=== WHAT NEEDS TO BE DONE ===
Output only the entries, exactly as given, without the pictures.

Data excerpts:
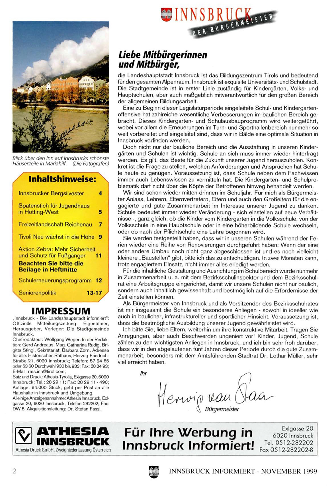 INNSBRUCK INFOKMII-RT- NOVRMBRR I9<»
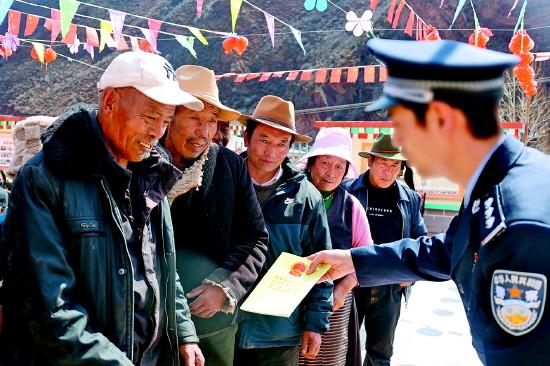 圖為西藏國(guó)安干警向藏區(qū)群眾宣傳國(guó)家安全法律法規(guī)。 (國(guó)安宣工作室供圖)
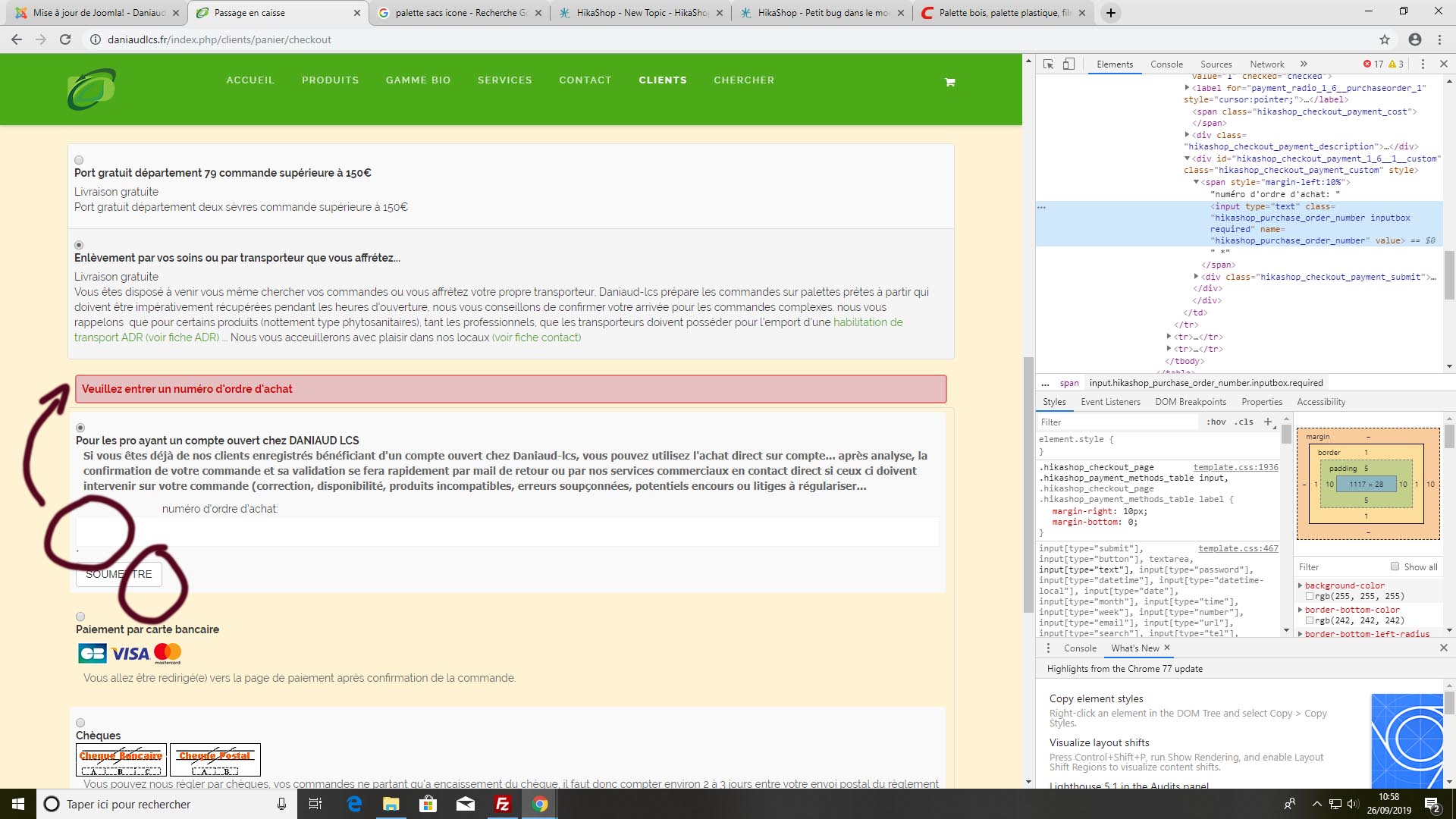 En plus du payement par CB opérationnel, j'utilise le plugin "HikaShop Purchase Order payment plugin" pour permettre à nos clients ayant des lignes de comptes ouverts chez nous de régler par ce biais, on valide alors commande manuellement "en attente" ... cela marche bien mais avec un inconvénient, il impose que le client notifie un numéro d'ordre d'achat (quelconque ???) et de devoir le valider or je ne comprend pas quel est l’intérêt de ce type de champs ordre d'achat que l'on peut remplir sans conditions restrictives ou vérifications, et même son utilité dans la mesure ou le client est déjà identifiable en clair à la commande ??? ... or un numéro croissant autogénéré ( sans validation a faire) ou juste un eurodadage en place suffirait en place ... l'idéal serait carrément d’annuler ce champs et l'autovalider ... je n'ai pas trouvé ou est est le fichier php (purxhase order) concerné et quelles lignes modifier... et comment faire sans trop tâtonner... auriez vous une suggestion
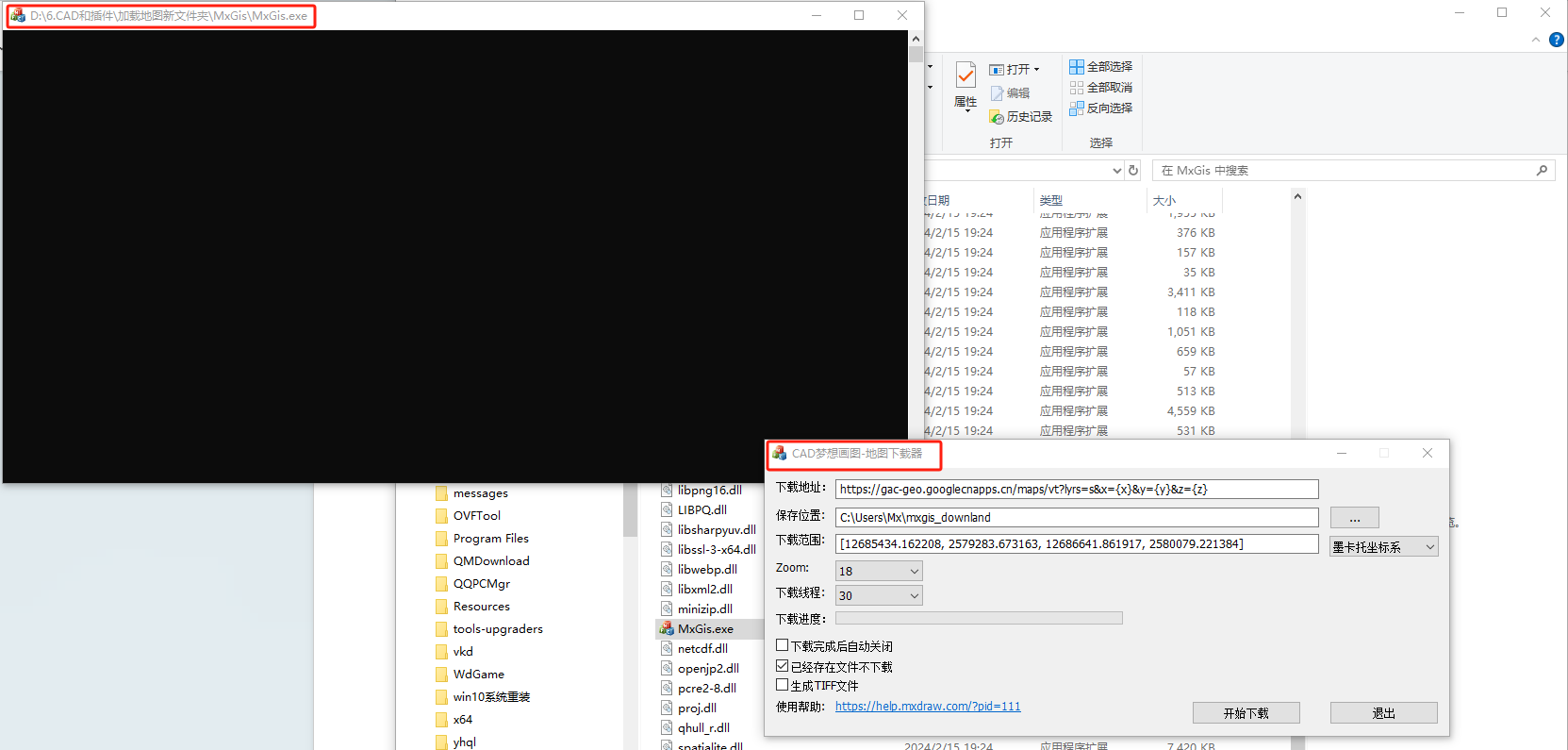 1. 下载链接:https://demo.mxdraw3d.com:3562/MxGis_map download.7z,下载后解压到指定文件夹,打开后会看到启动地图下载器,双击运行,如下图:
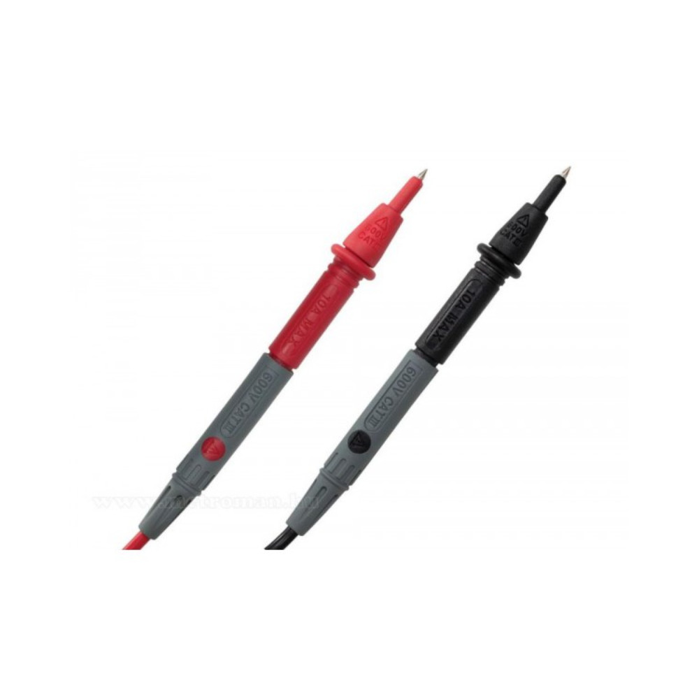 • kombinované hroty s odstrániteľnými izolačnými krytmi<br>• odstrániteľné izolačné kryty na lomených banánikových vidliciach (∅4 mm)<br>• ~120 mm rukoväť / 2 mm priemer hrotu<br>• 600 V CAT II / 600 V CAT III<br>• 10 A max. zaťažiteľnosť<br>• ~ 90 cm dlhý 22AWG kábel
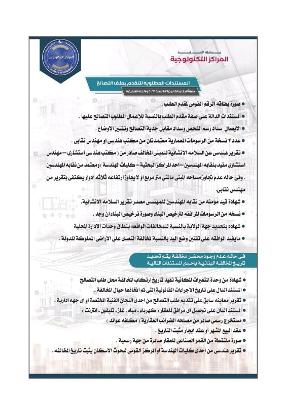 واشار سكرتير عام المحافظة أنه طبقاً لللائحة التنفيذية لقانون التصالح الجديد رقم 187 لسنة 2023 فالمراكز التكنولوجية منوطة بالتعامل وفحص واستخراج وتقديم الخدمات التالية:
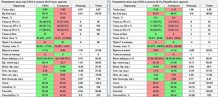 ЦСКА меньше времени проводит с шайбой (11:13/9:08), но это никак не мешает делать результат и оставаться лучшей командой на западе. Строгий и системный стиль не подразумает постоянного прессинга и нахождения в зоне атаке соперника(в т.ч. сказывается и на бросках в створ ворот).
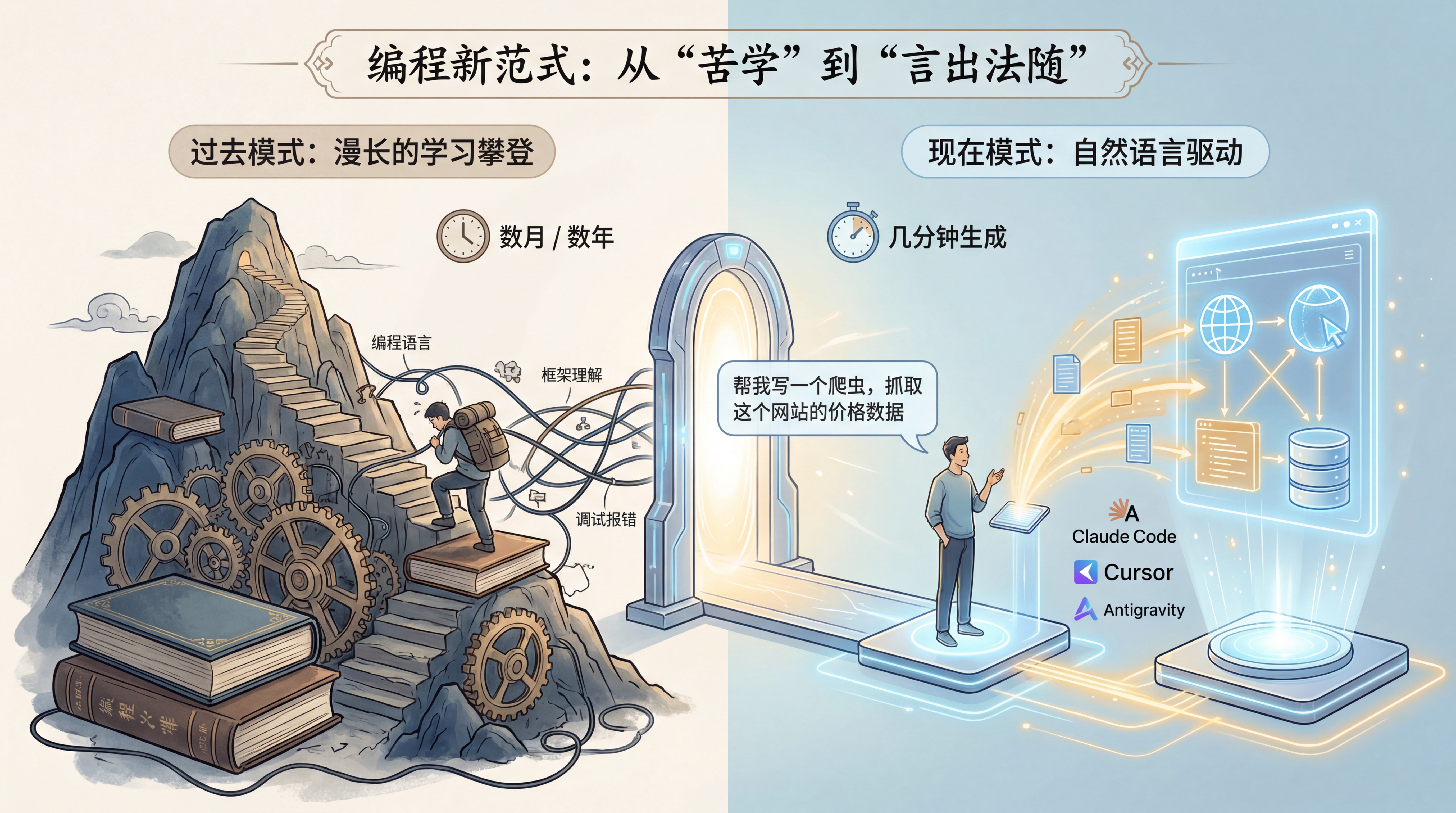现在,使用 Claude Code、Cursor、Antigravity 这类工具,你只需要用自然语言描述需求。“帮我写一个爬虫,抓取这个网站的价格数据”——几分钟后,代码就生成了。

=== SOLUTION ===
 INNSBRUCK INFOKMII-RT- NOVRMBRR I9<»
 圖為西藏國(guó)安干警向藏區(qū)群眾宣傳國(guó)家安全法律法規(guī)。 (國(guó)安宣工作室供圖)
 En plus du payement par CB opérationnel, j'utilise le plugin "HikaShop Purchase Order payment plugin" pour permettre à nos clients ayant des lignes de comptes ouverts chez nous de régler par ce biais, on valide alors commande manuellement "en attente" ... cela marche bien mais avec un inconvénient, il impose que le client notifie un numéro d'ordre d'achat (quelconque ???) et de devoir le valider or je ne comprend pas quel est l’intérêt de ce type de champs ordre d'achat que l'on peut remplir sans conditions restrictives ou vérifications, et même son utilité dans la mesure ou le client est déjà identifiable en clair à la commande ??? ... or un numéro croissant autogénéré ( sans validation a faire) ou juste un eurodadage en place suffirait en place ... l'idéal serait carrément d’annuler ce champs et l'autovalider ... je n'ai pas trouvé ou est est le fichier php (purxhase order) concerné et quelles lignes modifier... et comment faire sans trop tâtonner... auriez vous une suggestion
 1. 下载链接:https://demo.mxdraw3d.com:3562/MxGis_map download.7z,下载后解压到指定文件夹,打开后会看到启动地图下载器,双击运行,如下图:
 • kombinované hroty s odstrániteľnými izolačnými krytmi<br>• odstrániteľné izolačné kryty na lomených banánikových vidliciach (∅4 mm)<br>• ~120 mm rukoväť / 2 mm priemer hrotu<br>• 600 V CAT II / 600 V CAT III<br>• 10 A max. zaťažiteľnosť<br>• ~ 90 cm dlhý 22AWG kábel
 واشار سكرتير عام المحافظة أنه طبقاً لللائحة التنفيذية لقانون التصالح الجديد رقم 187 لسنة 2023 فالمراكز التكنولوجية منوطة بالتعامل وفحص واستخراج وتقديم الخدمات التالية:
 ЦСКА меньше времени проводит с шайбой (11:13/9:08), но это никак не мешает делать результат и оставаться лучшей командой на западе. Строгий и системный стиль не подразумает постоянного прессинга и нахождения в зоне атаке соперника(в т.ч. сказывается и на бросках в створ ворот).
现在,使用 Claude Code、Cursor、Antigravity 这类工具,你只需要用自然语言描述需求。“帮我写一个爬虫,抓取这个网站的价格数据”——几分钟后,代码就生成了。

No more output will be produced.